[Assignment]: Reproduce the listing exactly, with no pictures in your copy.

[Dataset excerpt]:
╔══
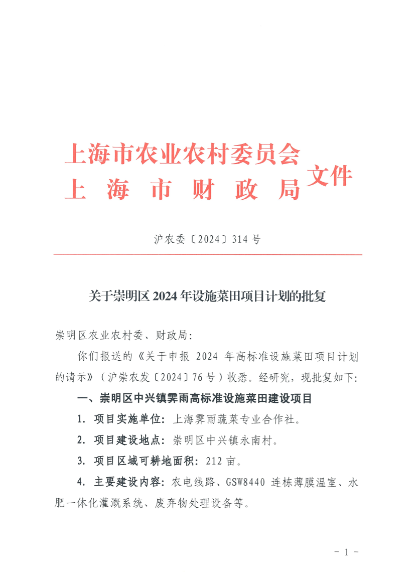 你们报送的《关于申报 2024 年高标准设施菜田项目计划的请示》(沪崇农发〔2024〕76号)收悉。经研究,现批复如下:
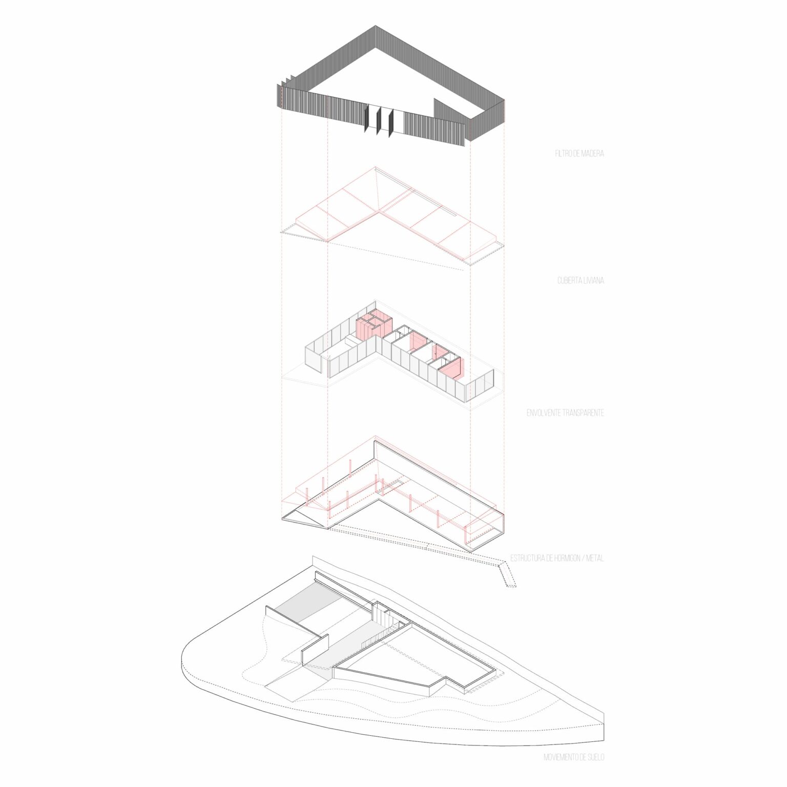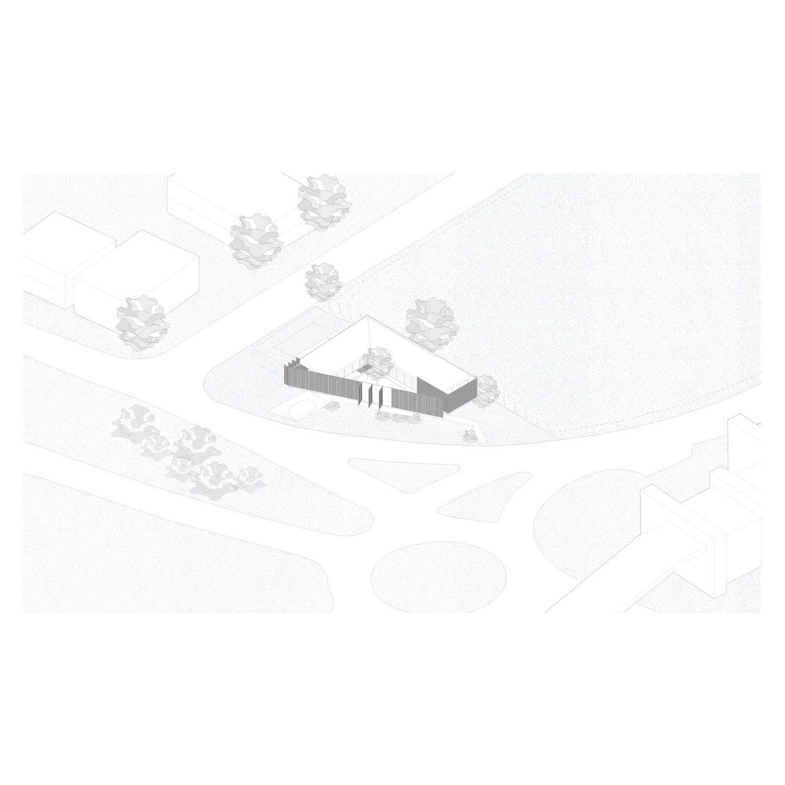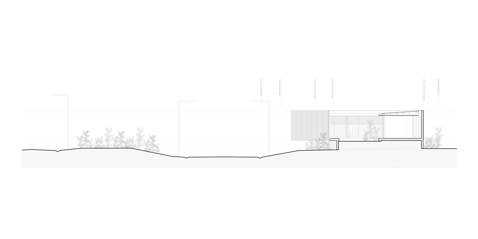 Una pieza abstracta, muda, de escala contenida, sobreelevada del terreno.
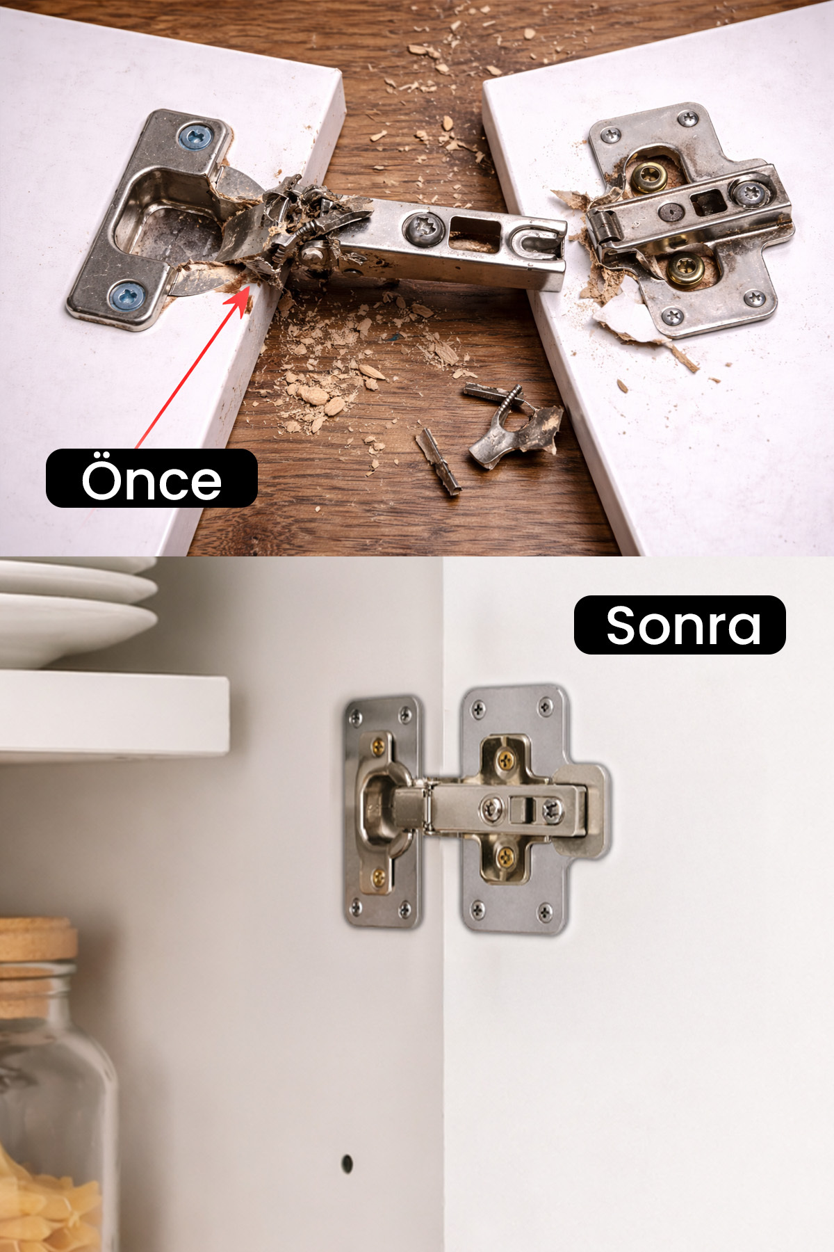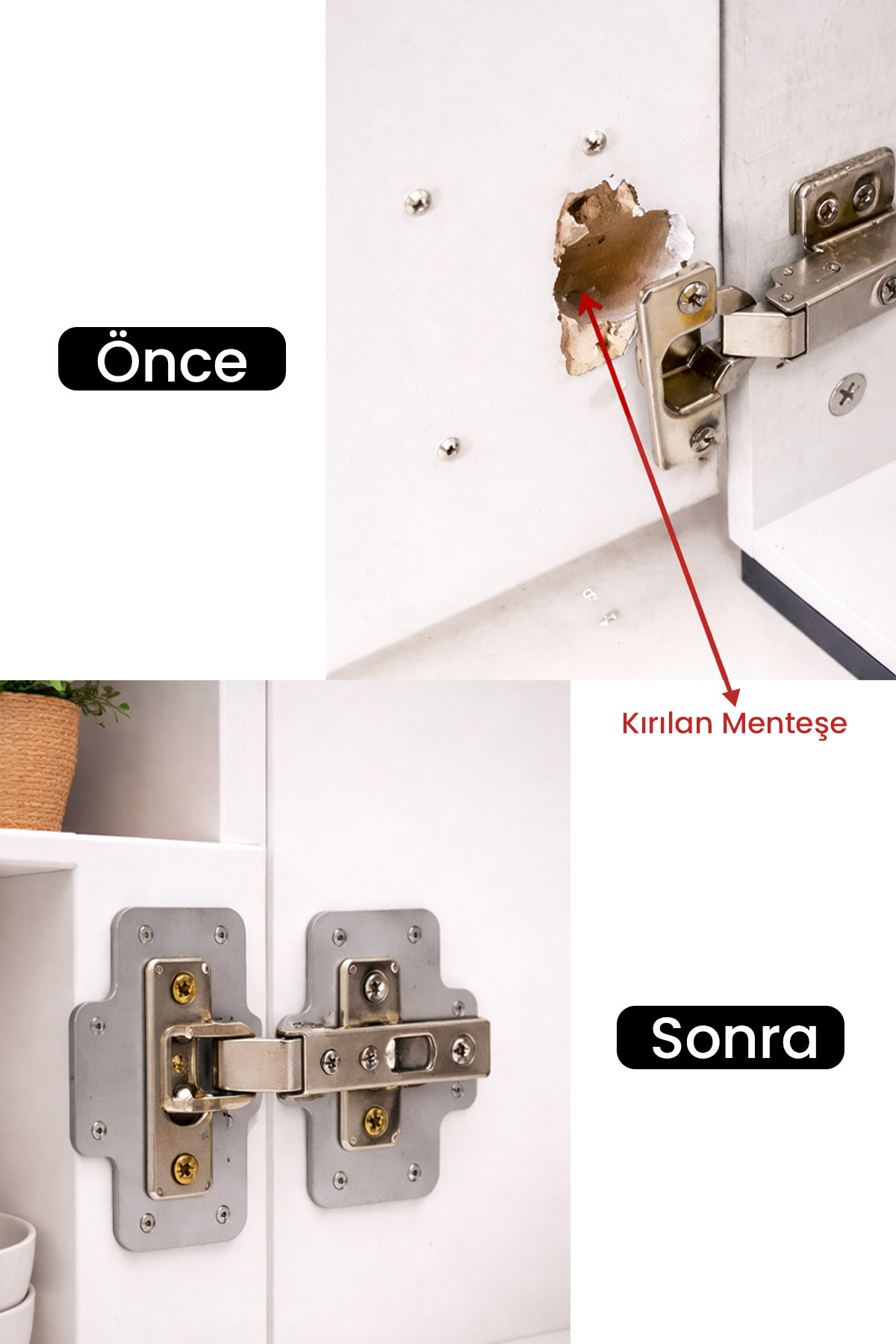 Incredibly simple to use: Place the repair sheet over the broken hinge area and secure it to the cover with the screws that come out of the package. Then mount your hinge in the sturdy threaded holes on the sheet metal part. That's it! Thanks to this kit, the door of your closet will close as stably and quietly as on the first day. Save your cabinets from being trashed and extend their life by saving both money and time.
╚══
[Written answer]:
 你们报送的《关于申报 2024 年高标准设施菜田项目计划的请示》(沪崇农发〔2024〕76号)收悉。经研究,现批复如下:
 Una pieza abstracta, muda, de escala contenida, sobreelevada del terreno.
 Incredibly simple to use: Place the repair sheet over the broken hinge area and secure it to the cover with the screws that come out of the package. Then mount your hinge in the sturdy threaded holes on the sheet metal part. That's it! Thanks to this kit, the door of your closet will close as stably and quietly as on the first day. Save your cabinets from being trashed and extend their life by saving both money and time.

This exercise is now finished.